In 2002, Perez pleaded guilty to felony charges of defrauding three elderly tenants in low-income Little Havana apartments that he owned. The original indictment alleged that Perez operated a scheme to defraud the Section 8 program of the U.S. Department of Housing and Urban Development, and charged him with mail fraud, conspiracy to commit mail fraud, and making false statements on federal forms. As part of a plea bargain with prosecutors, Perez was subsequently sentenced to six months of house arrest and 18 months of probation. The convicted felon has continued to be investigated for additional issues through 2020.

==Other initiatives==
LIBRE newspaper, which was founded in 1966, is published weekly, 52 times per year. The print edition has 64 pages and there is also an online edition at www.libreonline.com that has up-to-the-minute coverage of news and current events. It was distributed together with the Miami Nuevo Herald as a paid advertising insert. On September 14, 2020, the Herald ended all business relations with Libre after multiple instances of anti-Semitic and racist commentary in the supplement that the newspaper hadn't been aware of.

Perez's daily radio commentaries, in addition to being broadcast on the radio, are distributed free via e-mail to thousands of subscribers.
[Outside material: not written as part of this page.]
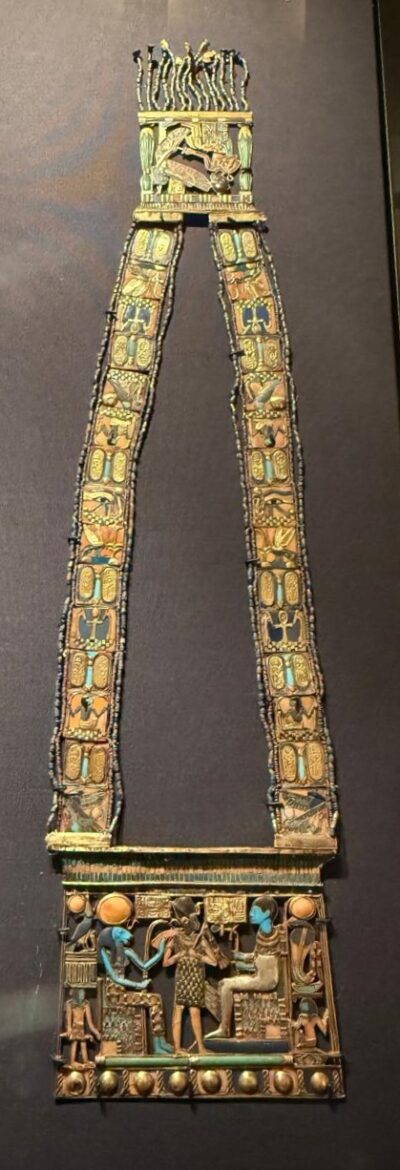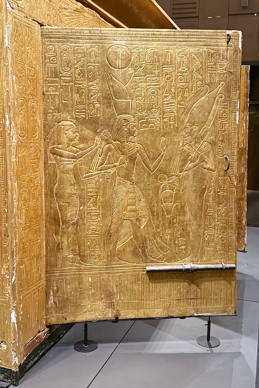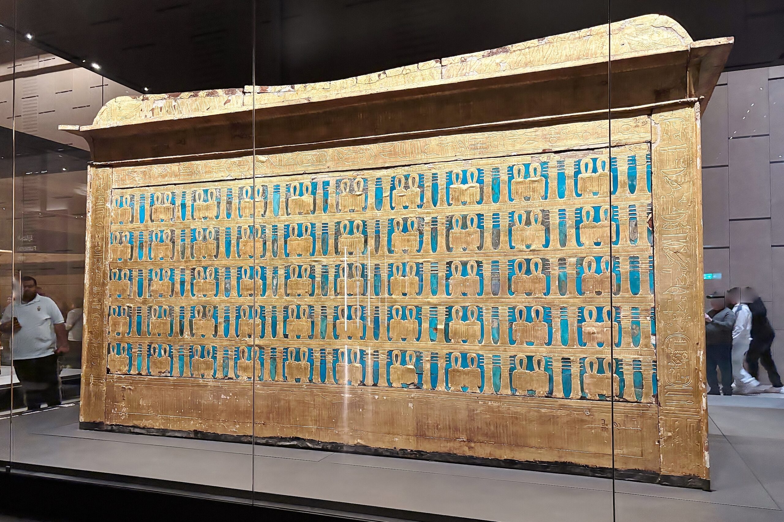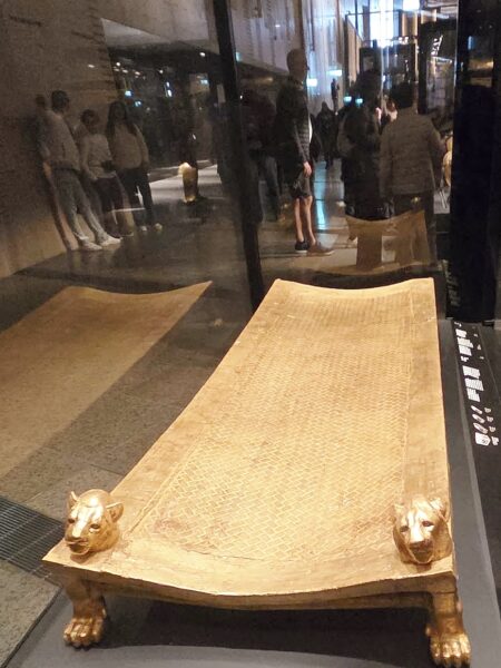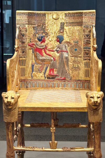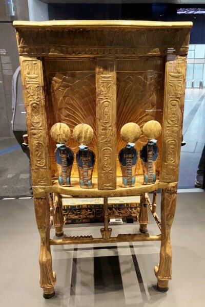 Another extraordinary piece is Tutankhamun’s golden throne, decorated with scenes of the king and his queen, Ankhesenamun. The throne features delicate inlays of colored glass and precious stones and provides insight into royal life and artistic style during the Amarna period.

There is also www.lincolnmarti.tv that broadcasts information about the schools and community events. He also organized the yearly banquet for the citizens of the Province of Matanzas in Cuba, bringing together the members of his hometown and their families and descendants during November of each year. He also directed the annual Jose Marti Parade which brings together children from public and private schools in Miami-Dade to honor the legacy of Jose Marti. As part of this event he sponsored a poetry contest.